# ABOUT THIS EXERCISE
Could you retype the lines below, starting at the line holding "Li-Ning CF Series" and stopping at the line holding "Under the Trust", inclusive? Copy them exactly and drop the images.

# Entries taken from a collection
○ ○ ○

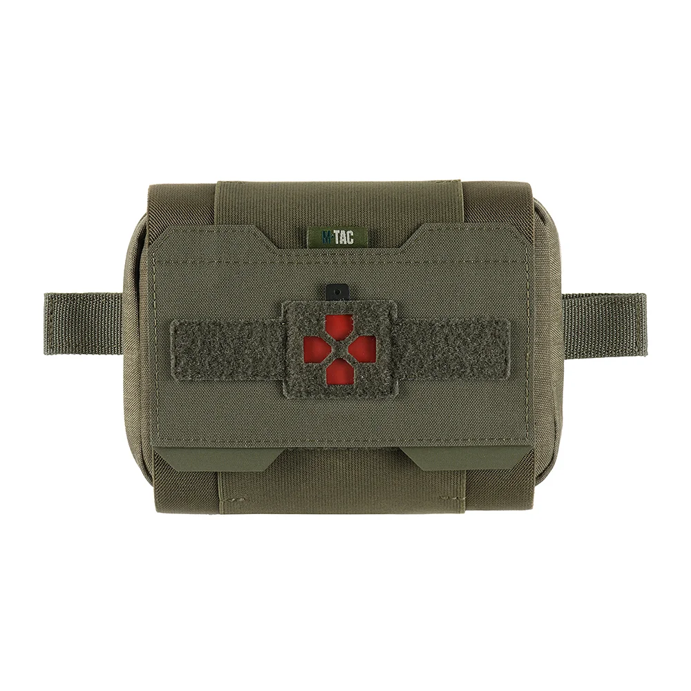 The M-TAC first aid kit will become essential in providing first aid. It consists of two parts: a bag with an internal organizer and a base that can be attached to equipment.
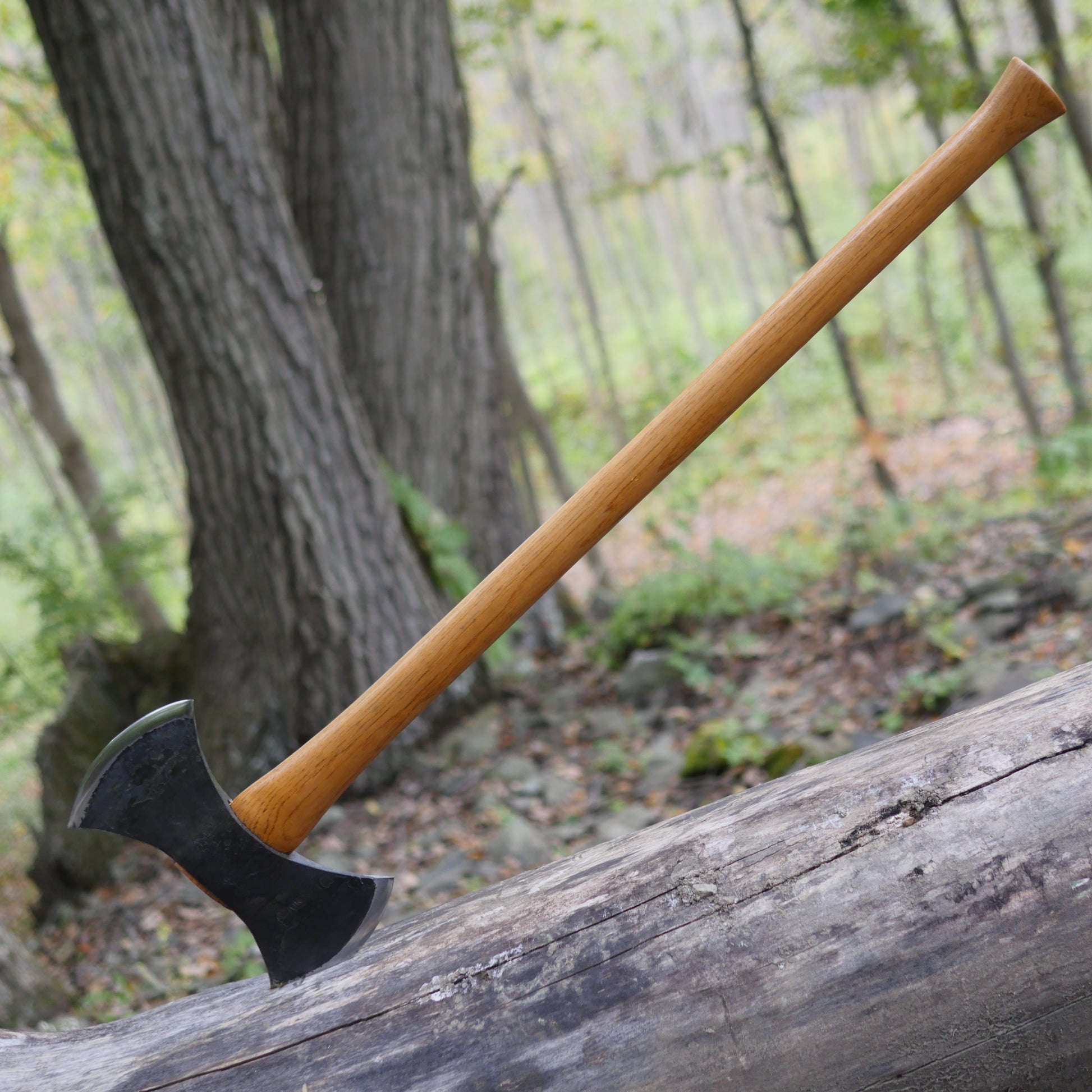This is the Gransfors Bruks Double-Bit Working Axe with the longer handle [35 inch]. These are rare and harder to find than the 29 inch handle "Throwing Axe" version. Theoretically, if you wanted to convert this into a throwing axe, all you'd have to do is saw 6 inches off the handle.
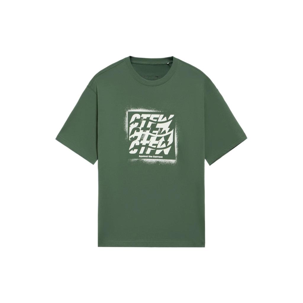 Li-Ning CF Series Letter Print Loose Round Neck Short Sleeve T-Shirt Men Tops Misty-Pine-Green AHSS587-4
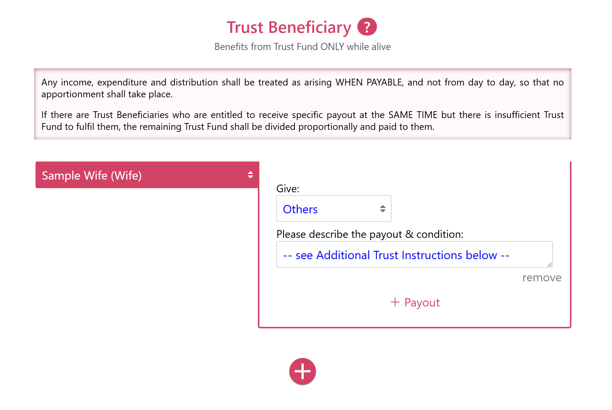 Under the Trust Beneficiary section, add the spouse and you can select the payout as "Others" and key in:
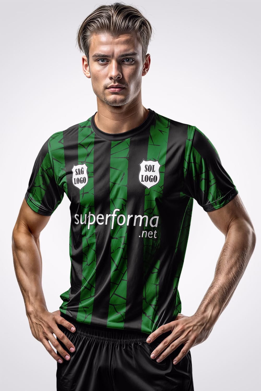 Yeşil Siyah Çubuklu Halı Saha Forma, futbol geçmişinin ikonik tasarımlarını geleceğe taşıyan bir modeldir. Her çizgisiyle güçlü bir mesaj verir: Takımınız, organize, tutkulu ve özgün bir duruşa sahiptir.
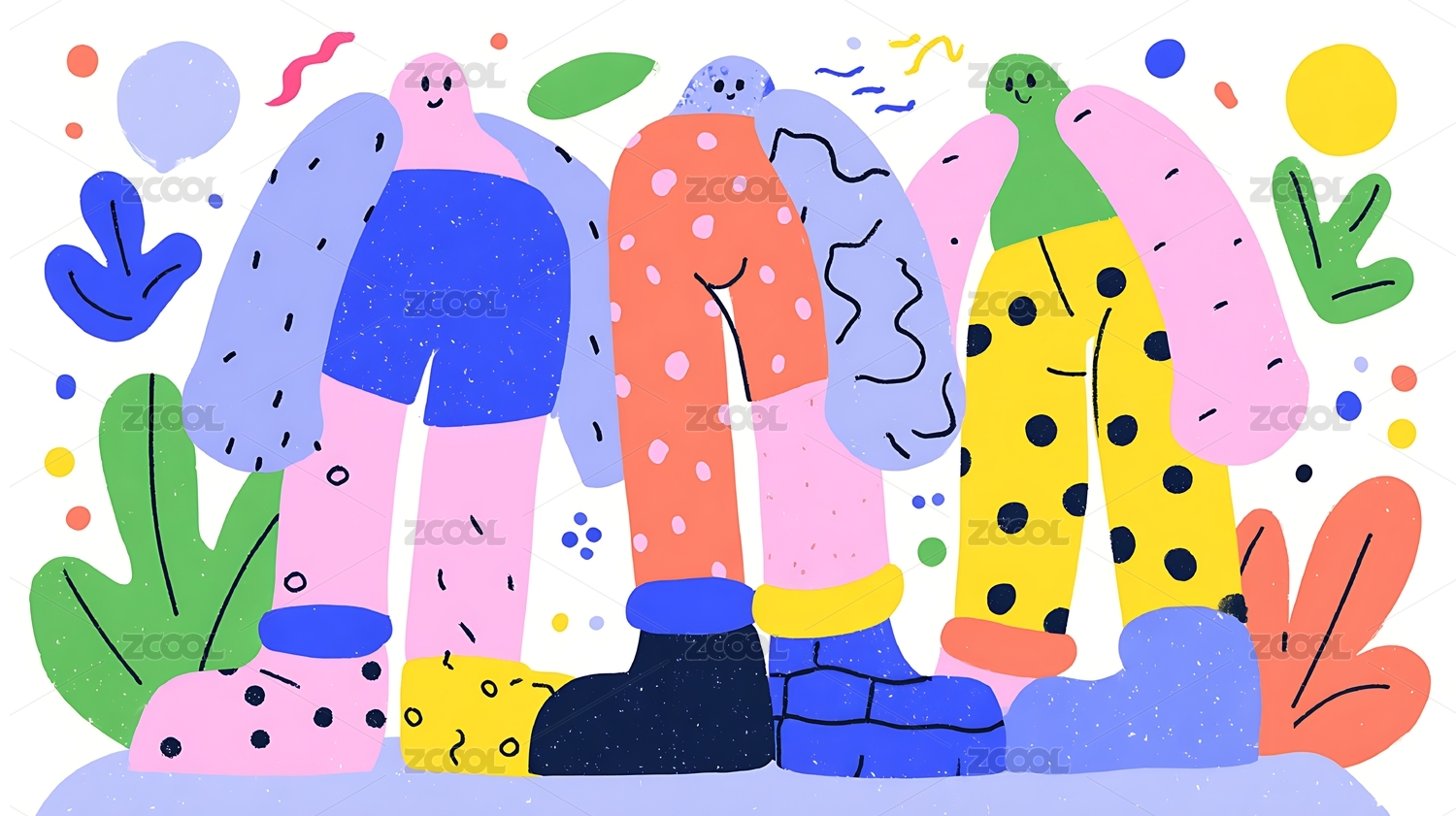 简单明亮脚上一双彩色条纹的长筒袜绘画插画
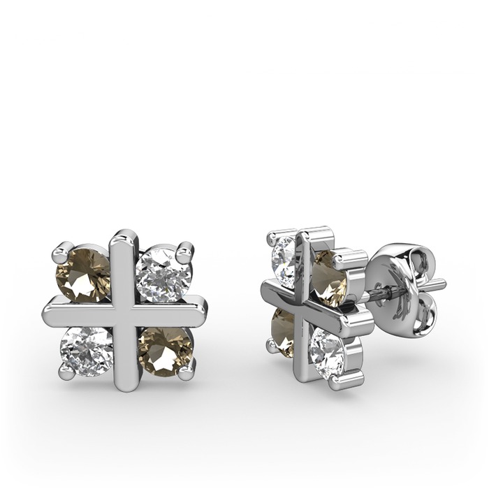 Dumanlı kuvars ve beyaz zirkon 18 ayar beyaz altın küpe
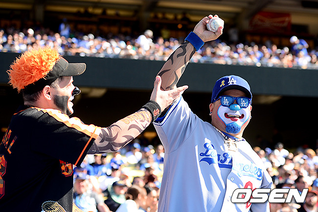 샌프란시스코, 다저스 팬이 파울볼에 열광하고 있다. / jpnews@osen.co.kr
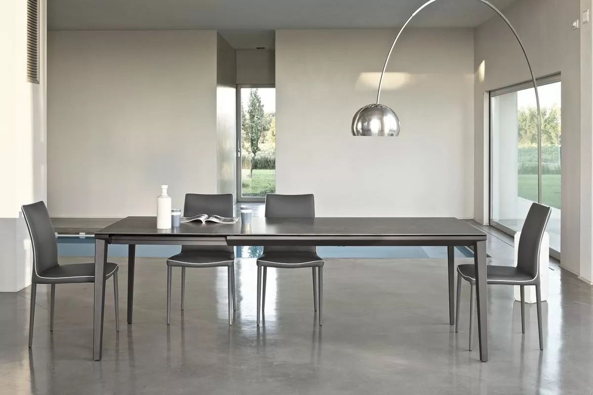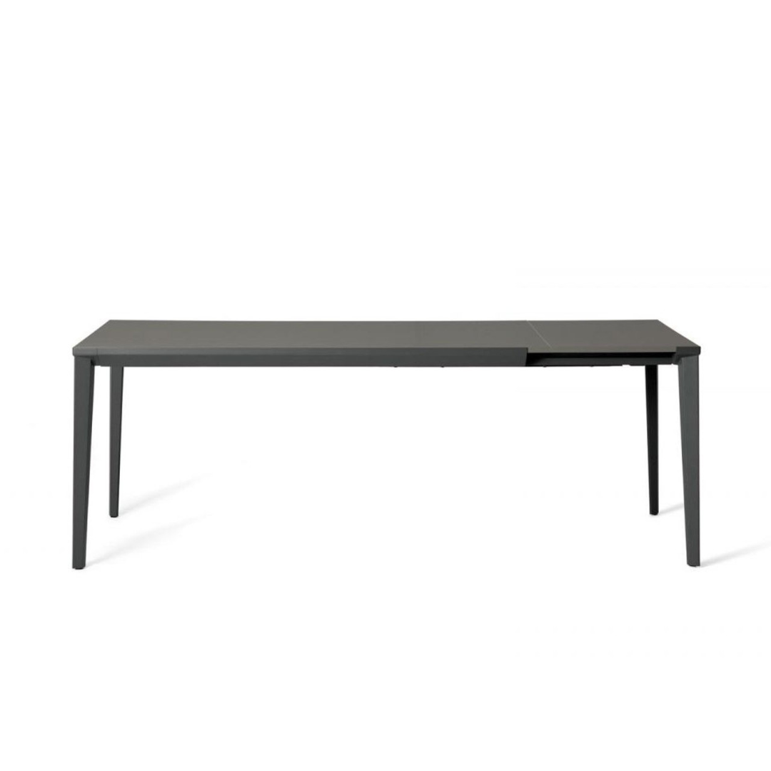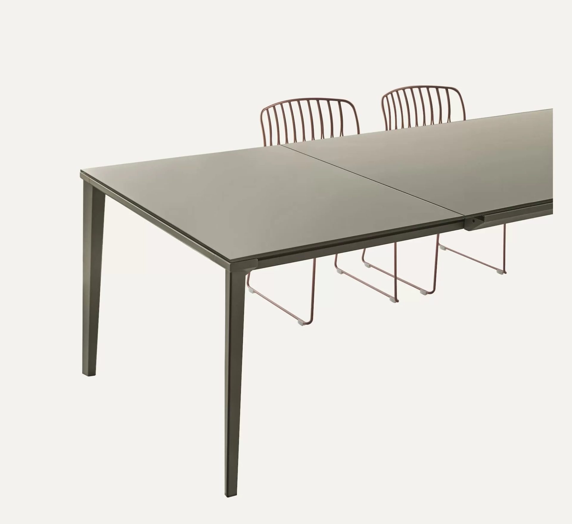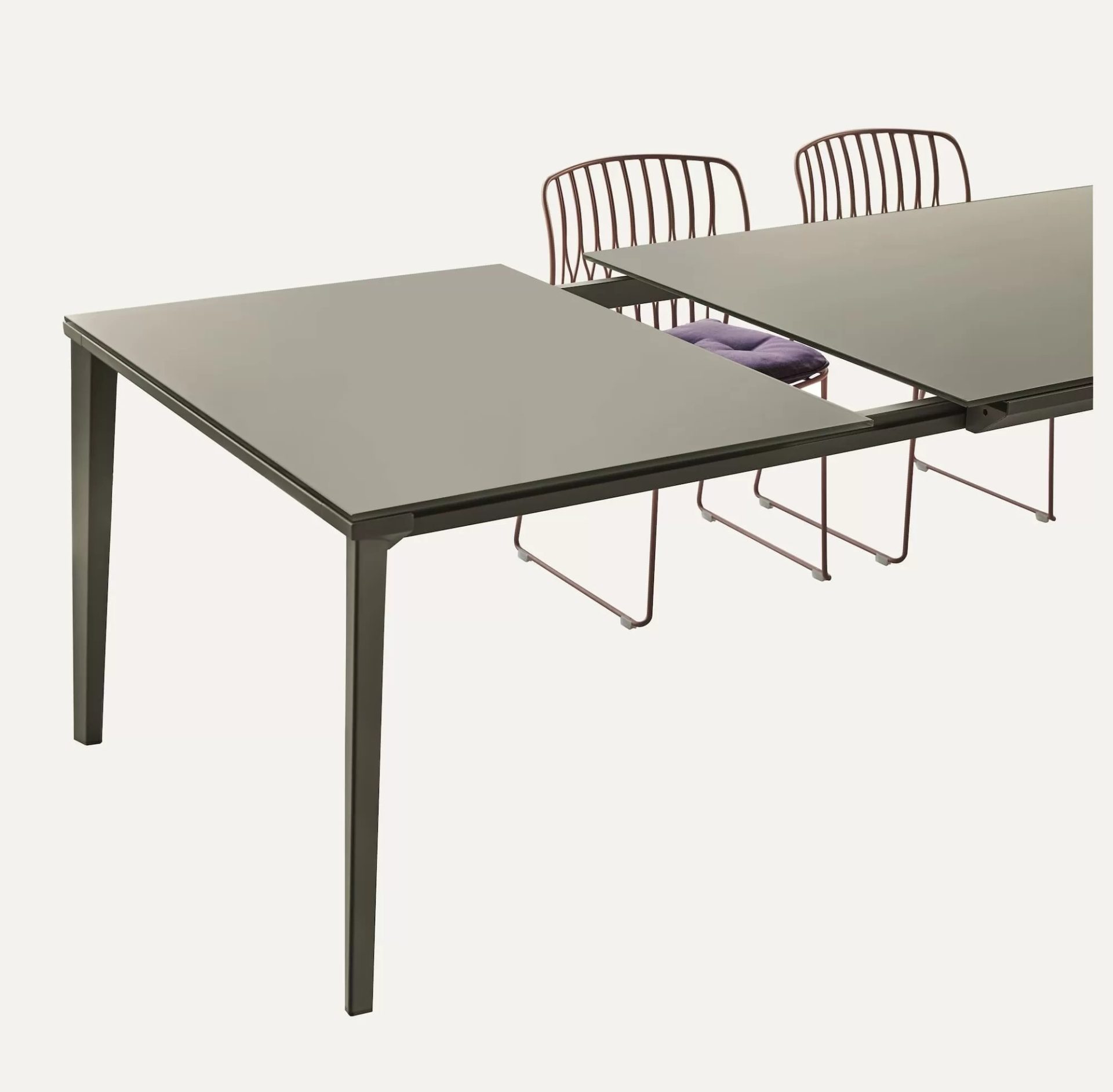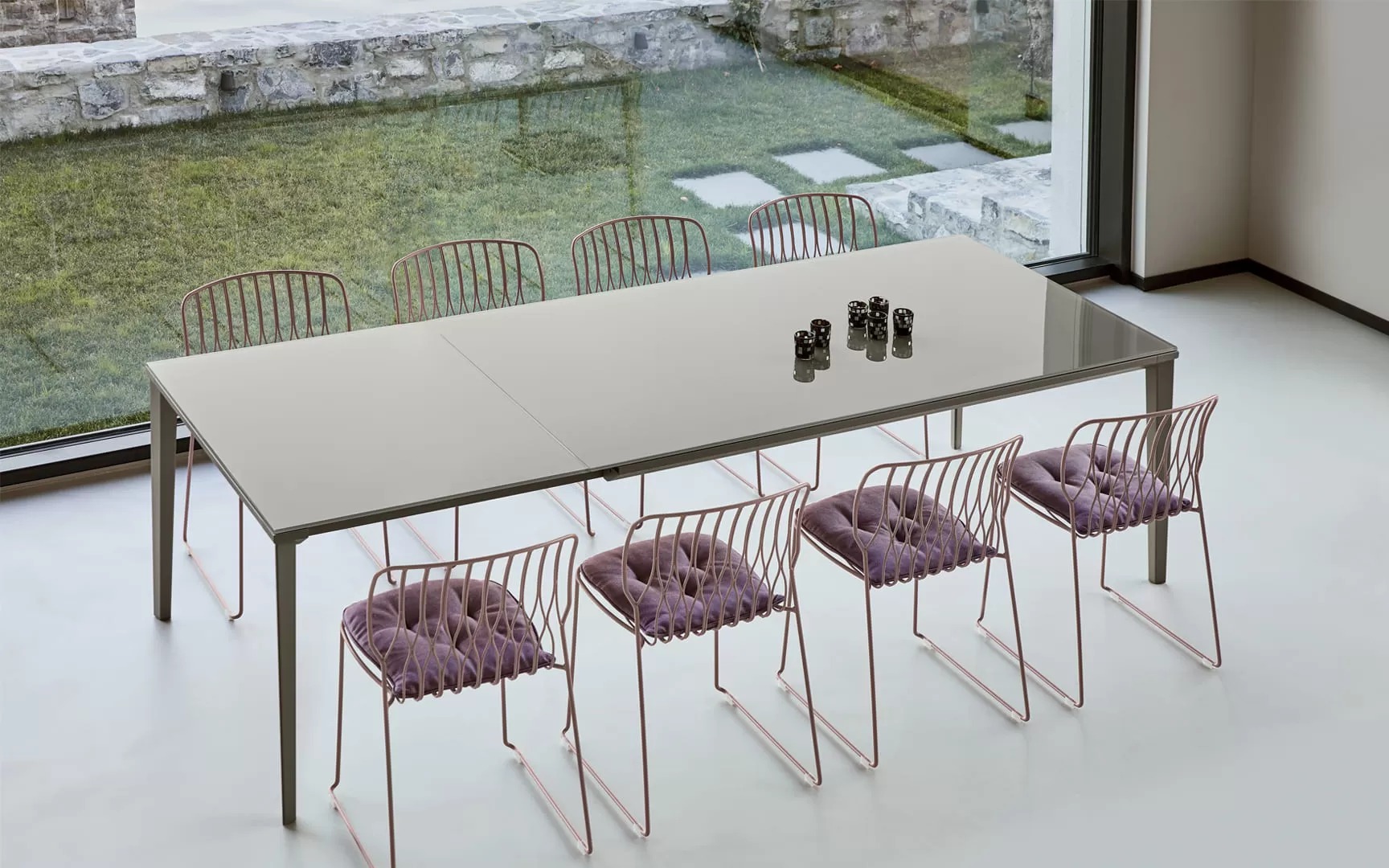 Table with extension and lacquered Metal frame. Top and extension in Glossy glass, Velvet matt anti-scratch lacquered glass, SuperCeramic or SuperMarble.

○ ○ ○

# COMPLETED EXERCISE
 Li-Ning CF Series Letter Print Loose Round Neck Short Sleeve T-Shirt Men Tops Misty-Pine-Green AHSS587-4
 Under the Trust Beneficiary section, add the spouse and you can select the payout as "Others" and key in:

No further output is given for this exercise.